■ **WHAT TO PRODUCE**
The lines to copy run from the one containing "WASHING TUNNEL Compact" to the very end of the records; give them exactly, and only them, without pictures.

[Saved entries]
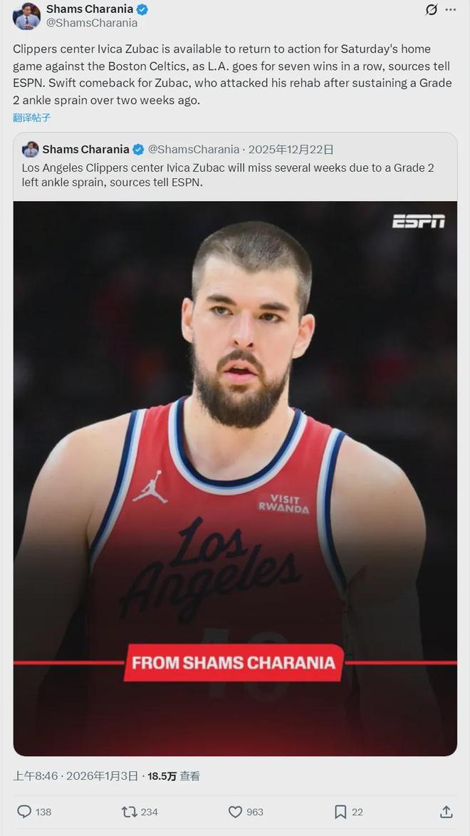 今天的消息,祖巴茨恢复神速,可以出战明天对阵凯尔特人的比赛。
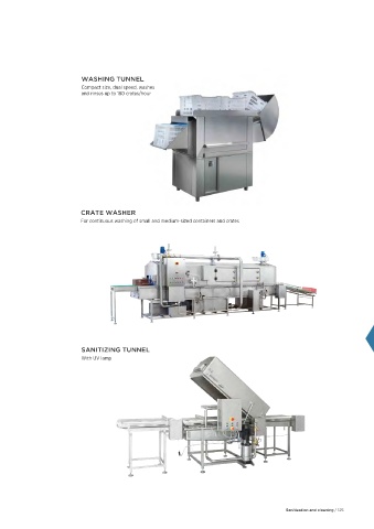 WASHING TUNNEL Compact size, dual speed, washes and rinses up to 180 crates/hour CRATE WASHER For continuous washing of small and medium-sized containers and crates SANITIZING TUNNEL With UV lamp Sanitization and cleaning / 125
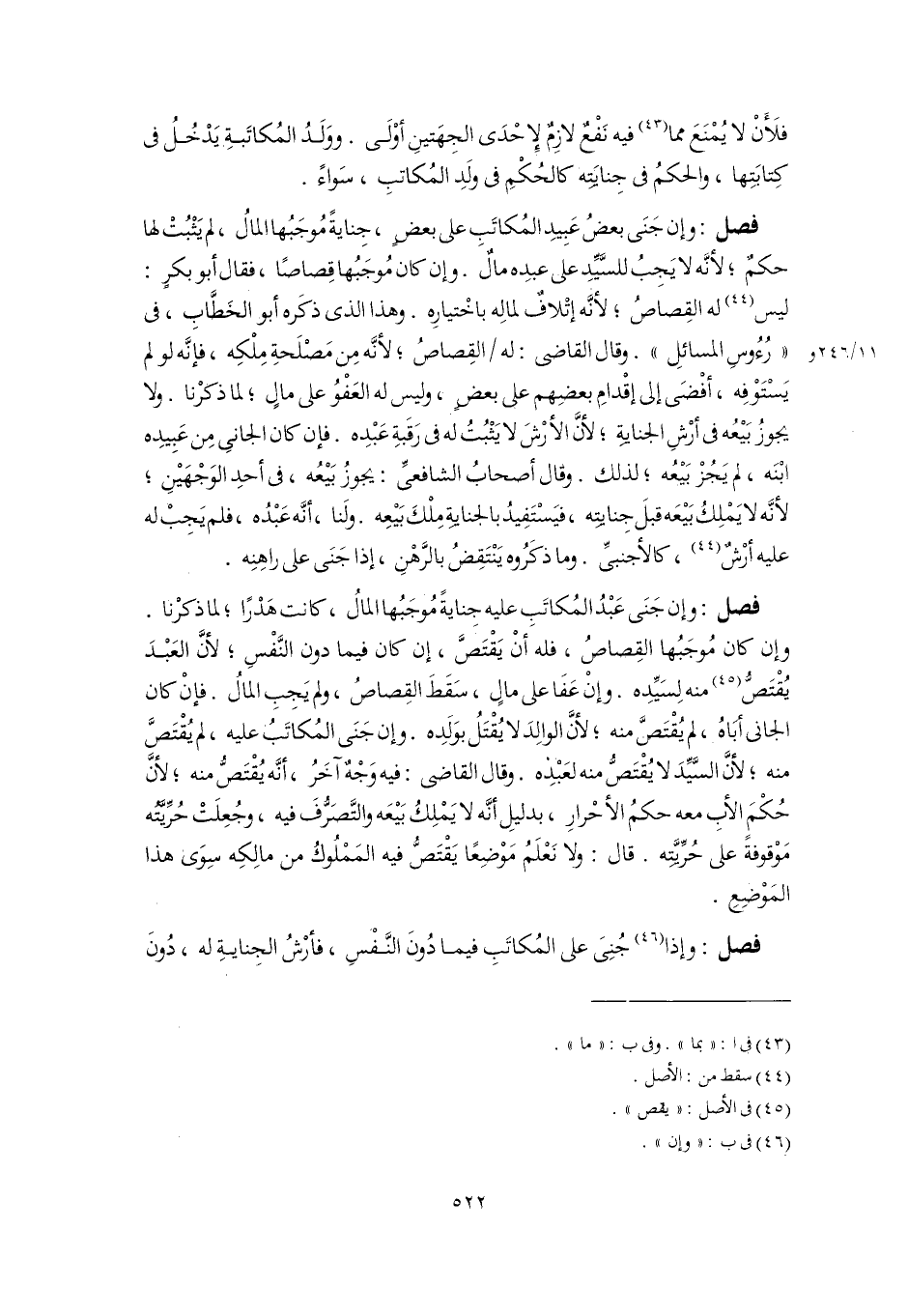 فصل: وإذا (٤٦) جُنِىَ على المُكاتَبِ فيما دُونَ النَّفْسِ، فأرْشُ الجِنايةِ له، دُونَ
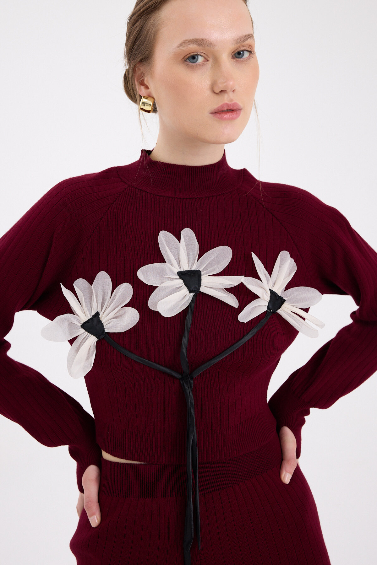 Bordo Çiçek Detaylı Triko Alt Üst Kadın Takım 7075
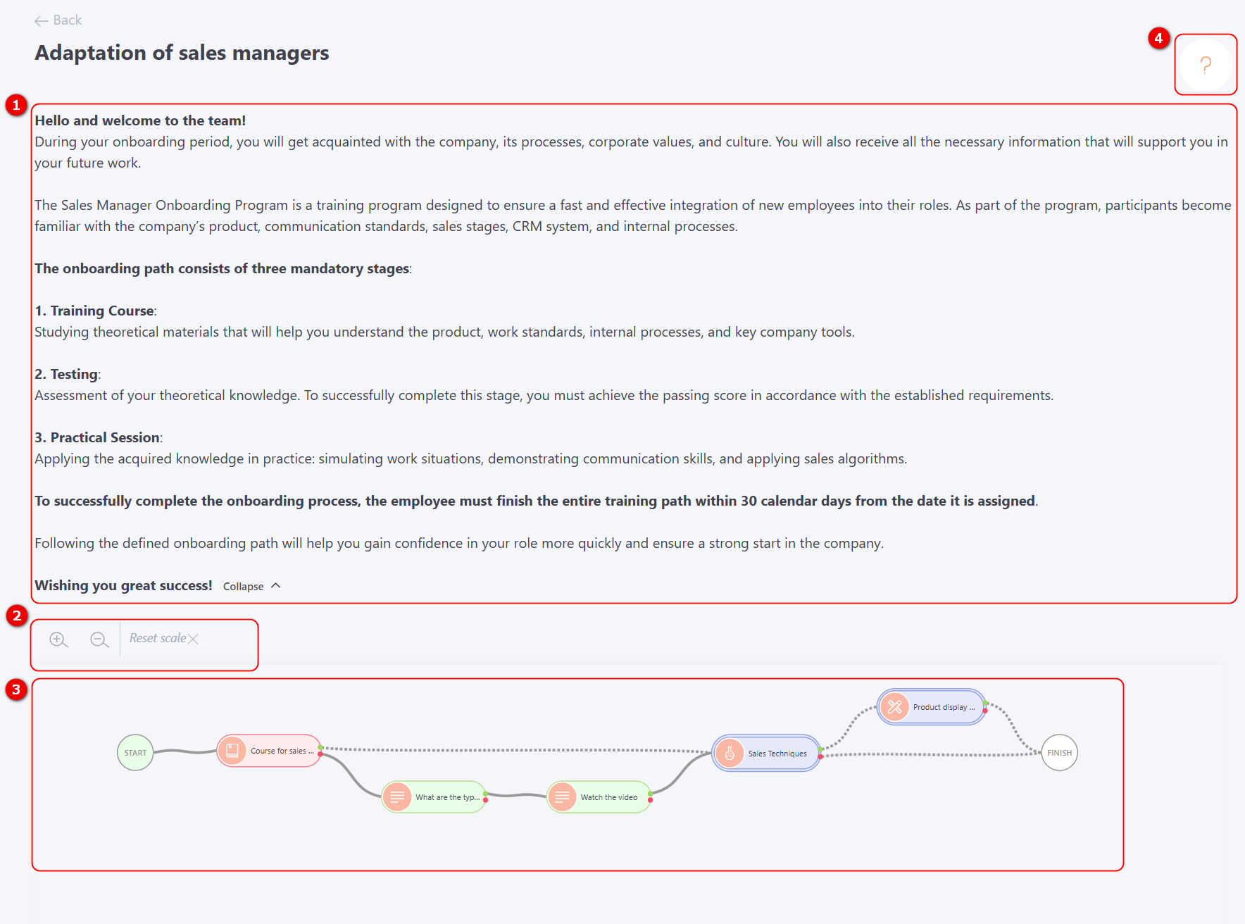 Clicking on the Review button opens a page where the user can see what tasks it contains. And also, to track the route of the learning path, the conditions of performance and assignment of tasks.

■ **TASK ANSWER**
 WASHING TUNNEL Compact size, dual speed, washes and rinses up to 180 crates/hour CRATE WASHER For continuous washing of small and medium-sized containers and crates SANITIZING TUNNEL With UV lamp Sanitization and cleaning / 125
 فصل: وإذا (٤٦) جُنِىَ على المُكاتَبِ فيما دُونَ النَّفْسِ، فأرْشُ الجِنايةِ له، دُونَ
 Bordo Çiçek Detaylı Triko Alt Üst Kadın Takım 7075
 Clicking on the Review button opens a page where the user can see what tasks it contains. And also, to track the route of the learning path, the conditions of performance and assignment of tasks.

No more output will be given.